> _Problem requirements_:
The answer must be an exact transcription of the lines below from the first through the one containing "e‑masters ist die", with the pictures left out; please add nothing else.

Data records:
Start of Block
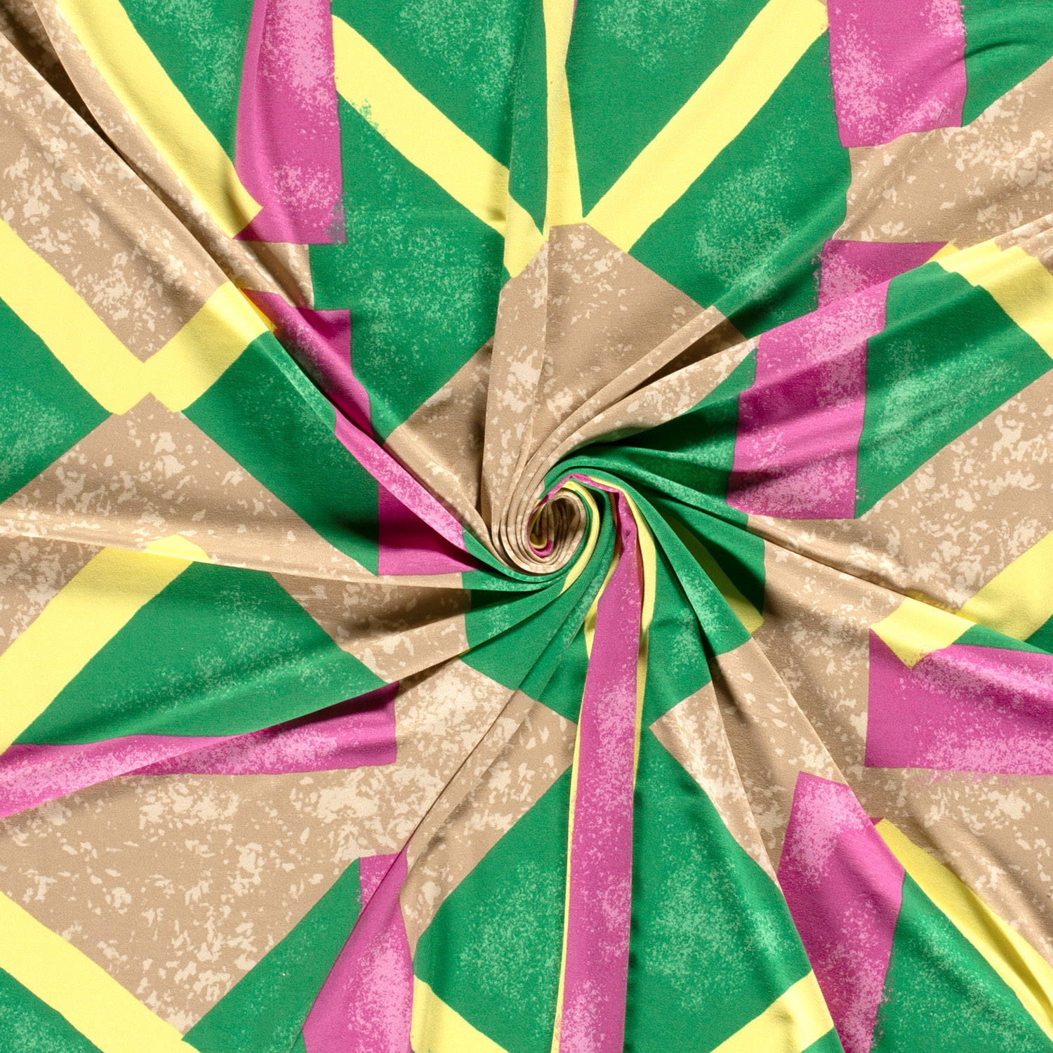 Oavsett om det är flödande klänningar, luftiga toppar, trendiga kjolar eller bekväma byxor – denna viskosjersey tillför färg och dynamik till din garderob och är perfekt för alla som älskar ovanliga mönster och en modern, trendig look.
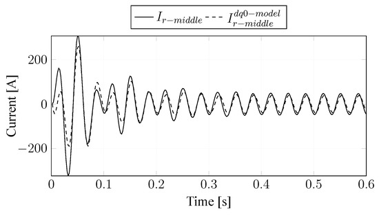 Simulation results of the phase a current response of the BDFIM’s -rotor-reference frame model (12-state model) compared to the -reduced model (8-state model) and the synchronous model (8-state model).
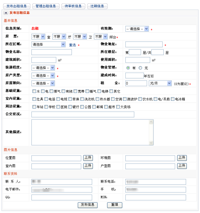 2. 此时进入会员中心,显示发布出租信息页面
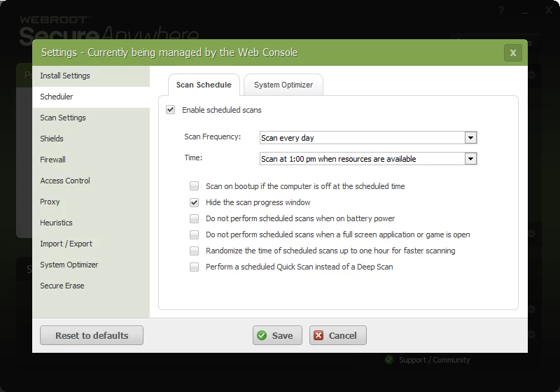 How do I prevent the Webroot Scan Results Window from popping up after scan?
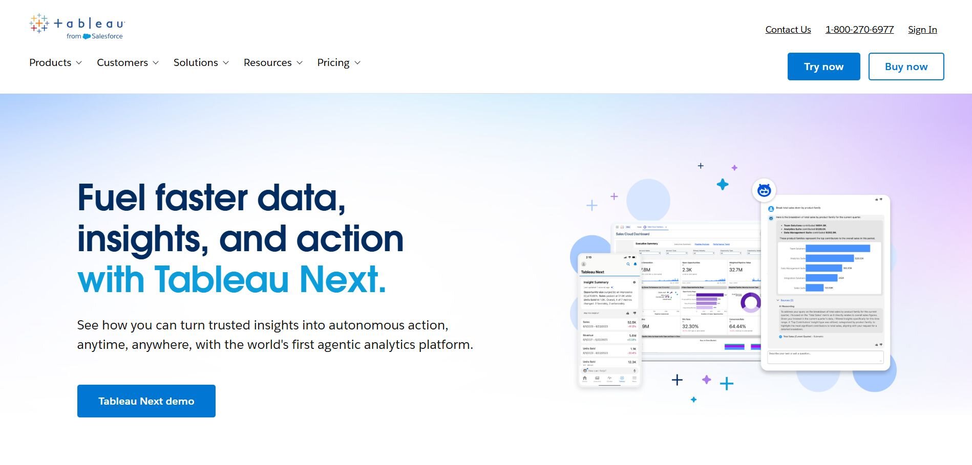 • Key strength: Copilot AI with live dashboard connectionsTableau — Best for business intelligence and visualization
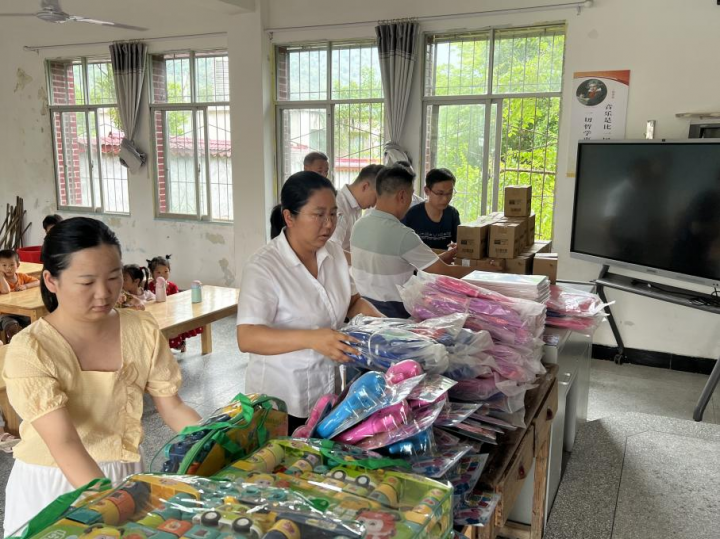 集团青年志愿者们来到麻州镇中心小学幼儿班,带来了事先收集并采购的22名留守儿童“微心愿”,有书包、绘画本、马克笔、贴纸、水杯、芭比娃娃、拼装车等志愿者们精挑细选的儿童节礼物,收到礼物的孩子们脸上洋溢着天真幸福的笑容。
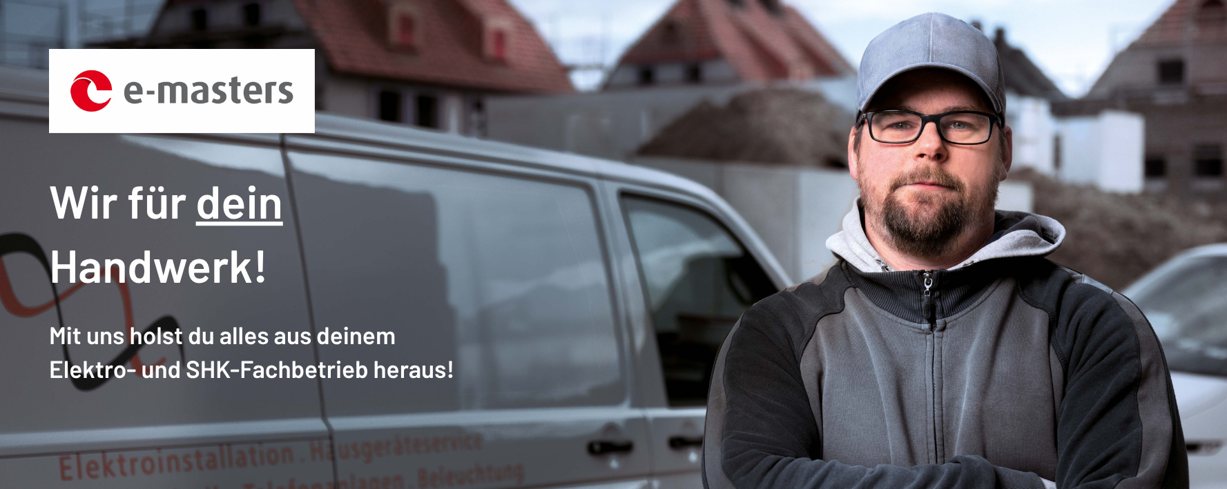 e‑masters ist die star­ke Gemein­schaft mit über 4.000 Hand­werks­be­trie­ben in Deutsch­land, Öster­reich und Luxem­burg. Wir bün­deln unse­re
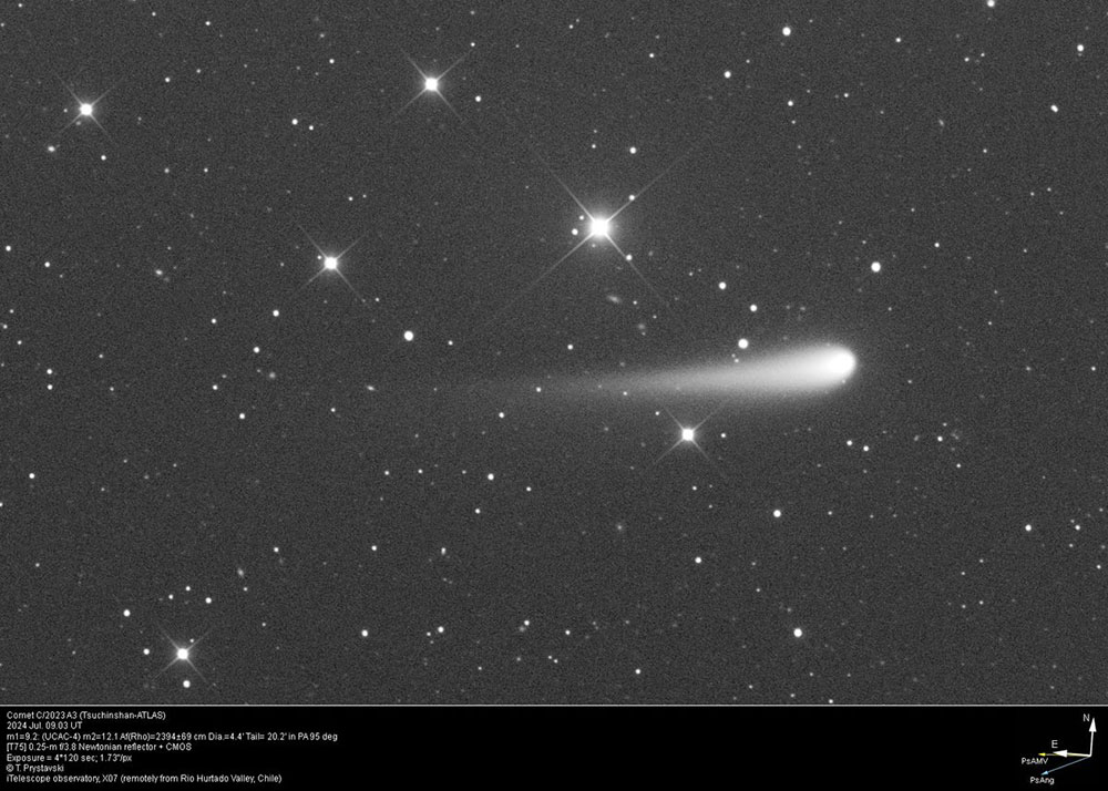 Αυτό σημαίνει ότι υπάρχουν ελπίδες ότι θα είναι ορατός ακόμη και με γυμνό μάτι σε αυτή τη φάση. Οι αστρονόμοι αναφέρουν ότι στις 12 Οκτωβρίου 2024 θα φτάσει στην κοντινότερη απόσταση από τη Γη, περίπου στα 70 εκατομμύρια χιλιόμετρα. Δείτε μια εικόνα του κομήτη Tsuchinchan-Atlas (C/2023 A3) που τραβήχτηκε στις 9 Ιουλίου από το παρατηρητήριο της κοιλάδας Rio Hurtado στη Χιλή:
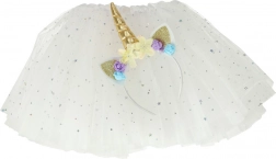 Het betoverende eenhoornkostuum brengt kinderen veel plezier en ruimte voor fantasie. Het lichte tuturokje met sterretjes zwiert mooi mee bij beweging, terwijl de haarband met gouden hoorn en bloemen de hele styling een magische touch geeft.
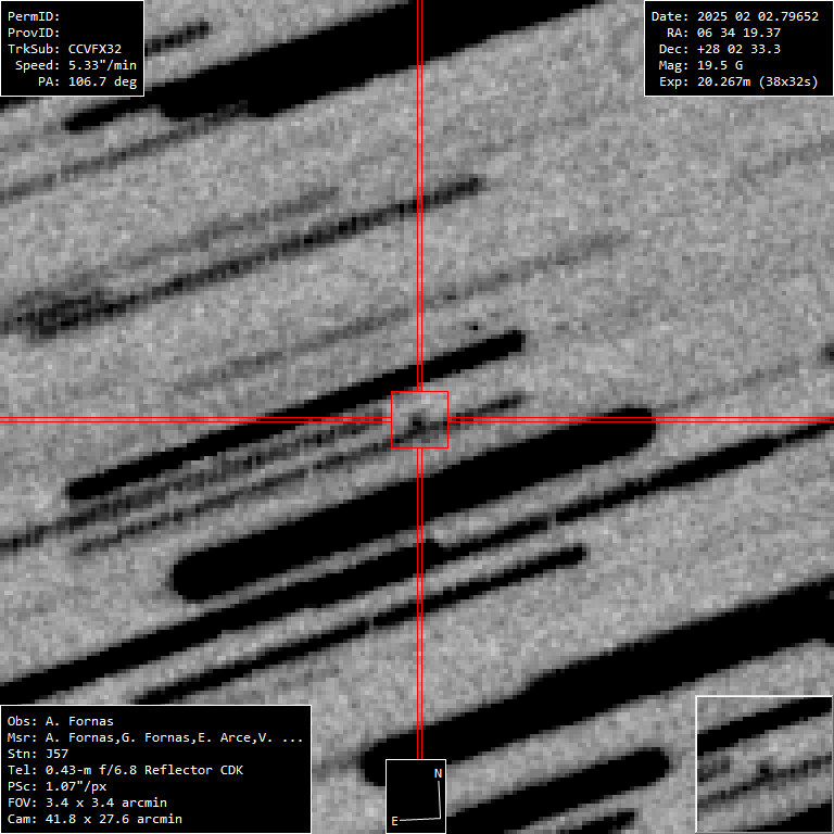 Aquí el MPEC del asteroide donde figura nuestro observatorio, el J57 en el CAAT.
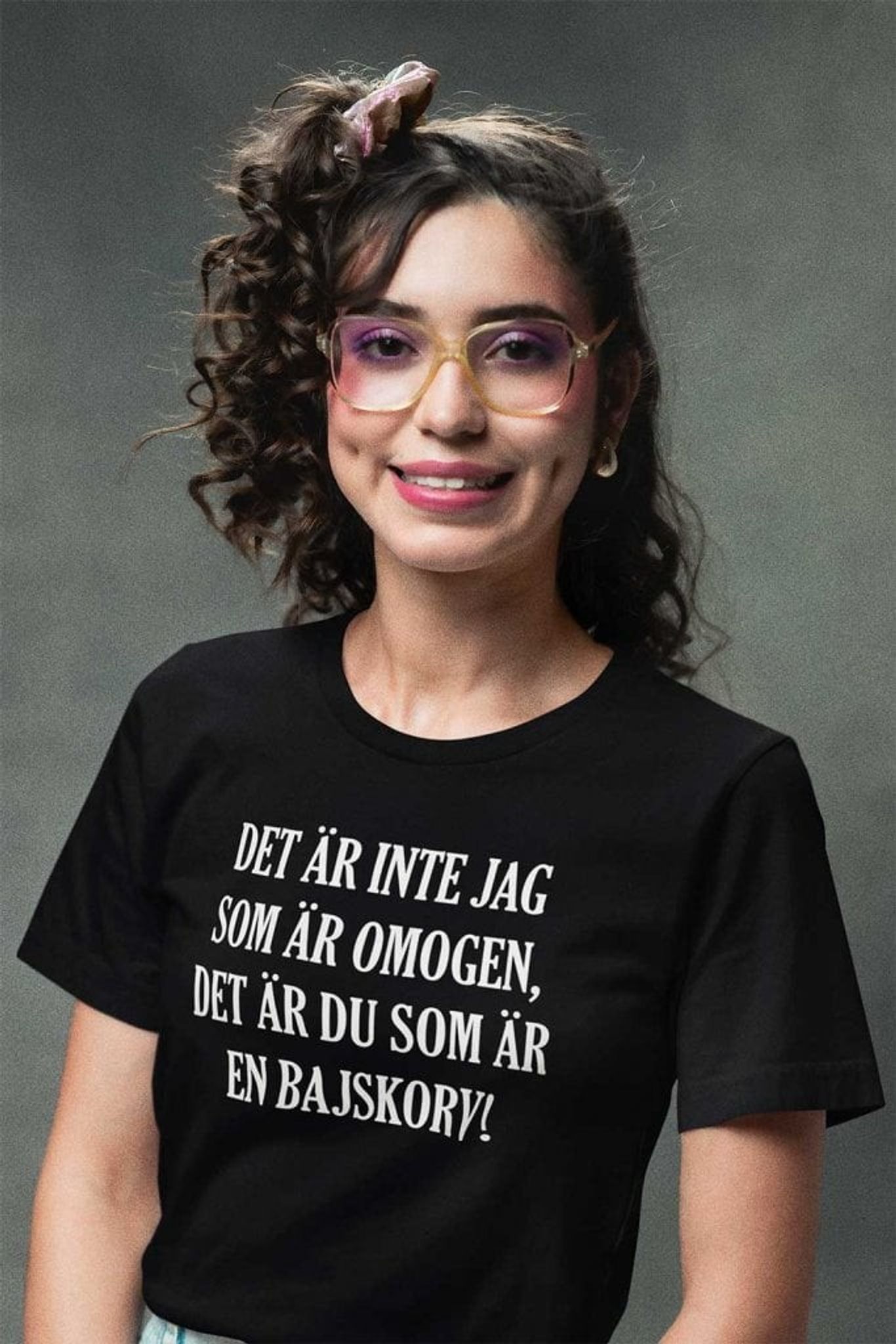 Letar du efter en t-shirt som kan uttrycka din åsikt på ett humoristiskt sätt? Då är den här svarta t-shirten med det vita texttrycket perfekt för dig. Texten "Det är inte jag som är omogen, det är du som är en bajskorv!" kommer garanterat att dra blickarna till sig.
End of Block
> _Response to the exercise_:
 Oavsett om det är flödande klänningar, luftiga toppar, trendiga kjolar eller bekväma byxor – denna viskosjersey tillför färg och dynamik till din garderob och är perfekt för alla som älskar ovanliga mönster och en modern, trendig look.
 Simulation results of the phase a current response of the BDFIM’s -rotor-reference frame model (12-state model) compared to the -reduced model (8-state model) and the synchronous model (8-state model).
 2. 此时进入会员中心,显示发布出租信息页面
 How do I prevent the Webroot Scan Results Window from popping up after scan?
 • Key strength: Copilot AI with live dashboard connectionsTableau — Best for business intelligence and visualization
 集团青年志愿者们来到麻州镇中心小学幼儿班,带来了事先收集并采购的22名留守儿童“微心愿”,有书包、绘画本、马克笔、贴纸、水杯、芭比娃娃、拼装车等志愿者们精挑细选的儿童节礼物,收到礼物的孩子们脸上洋溢着天真幸福的笑容。
 e‑masters ist die star­ke Gemein­schaft mit über 4.000 Hand­werks­be­trie­ben in Deutsch­land, Öster­reich und Luxem­burg. Wir bün­deln unse­re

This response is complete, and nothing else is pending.